Meta-Prompt Optimization for LLM-Based Sequential Decision Making
This addresses the problem of performance variability in LLM agents for researchers and practitioners by optimizing prompts, though it is incremental as it builds on existing adversarial bandit methods.
The paper tackles the challenge of automatically optimizing meta-prompts for LLM-based agents in sequential decision-making tasks like Bayesian optimization and multi-armed bandits, proposing algorithms (EXPO and EXPO-ES) that significantly improve performance, as demonstrated through extensive experiments.

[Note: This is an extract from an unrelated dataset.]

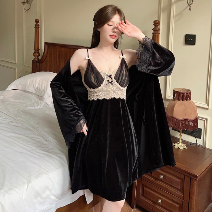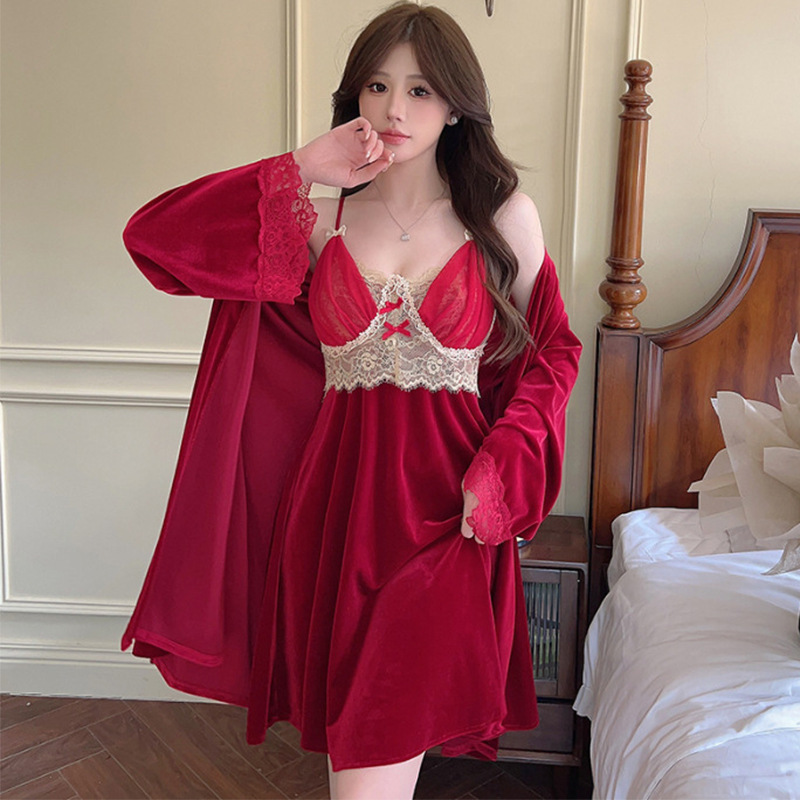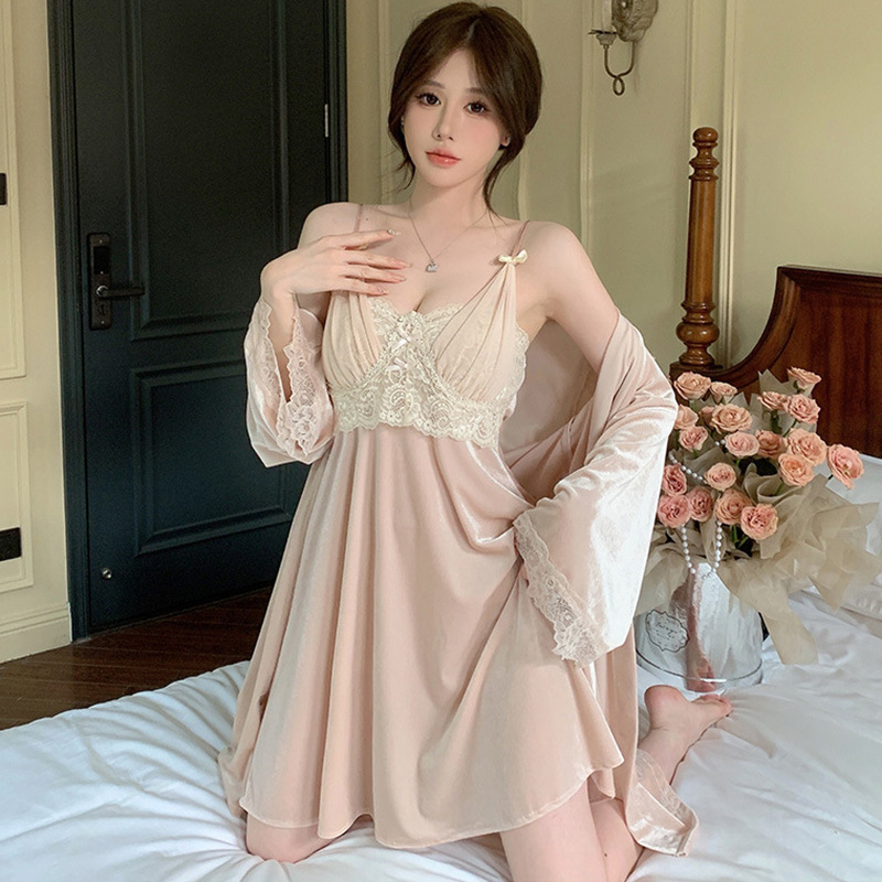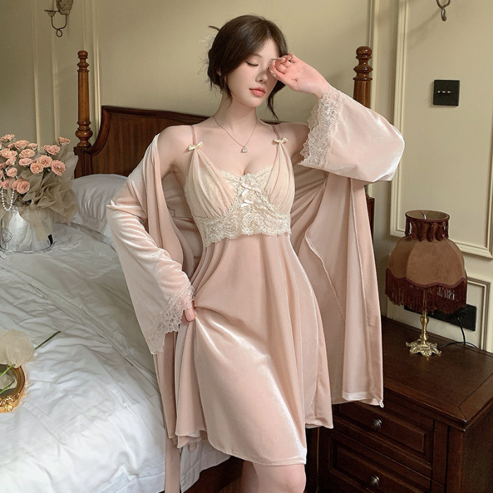 골드 벨벳 섹시한 서스펜더 잠옷 여성 잠옷 잠옷 긴팔 투피스 세트 가을, 겨울 레이스 홈웨어 겨울스토어 가기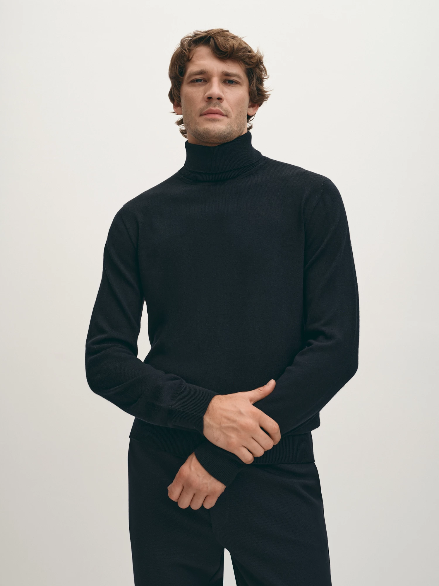 Универсальная вязаная водолазка тёмно-синего оттенка. Шерсть мериноса в составе надёжно сохраняет тепло, фирменная эластичная вязка обеспечивает комфортную посадку по фигуре. Модель прямого силуэта, с естественной линией плеча и длинным втачным рукавом. Воротник-стойка с отворотом, манжеты на рукавах и манжет по низу изделия - в мелкий фактурный рубчик. Уютная водолазка дополнит как лук в стиле кэжуал, так и нестрогий деловой образ.

Large language models (LLMs) have recently been employed as agents to solve sequential decision-making tasks such as Bayesian optimization and multi-armed bandits (MAB). These works usually adopt an LLM for sequential action selection by providing it with a fixed, manually designed meta-prompt. However, numerous previous works have found that the prompt has a significant impact on the performance of the LLM, which calls for a method to automatically optimize the meta-prompt for LLM-based agents. Unfortunately, the non-stationarity in the reward observations during LLM-based sequential decision-making makes meta-prompt optimization highly challenging. To address this challenge, we draw inspirations from adversarial bandit algorithms, which are inherently capable of handling non-stationary reward observations. Building on this foundation, we propose our EXPonential-weight algorithm for prompt Optimization} (EXPO) to automatically optimize the task description and meta-instruction in the meta-prompt for LLM-based agents. We also extend EXPO to additionally optimize the exemplars (i.e., history of interactions) in the meta-prompt to further enhance the performance, hence introducing our EXPO-ES algorithm. We use extensive experiments to show that our algorithms significantly improve the performance of LLM-based sequential decision-making.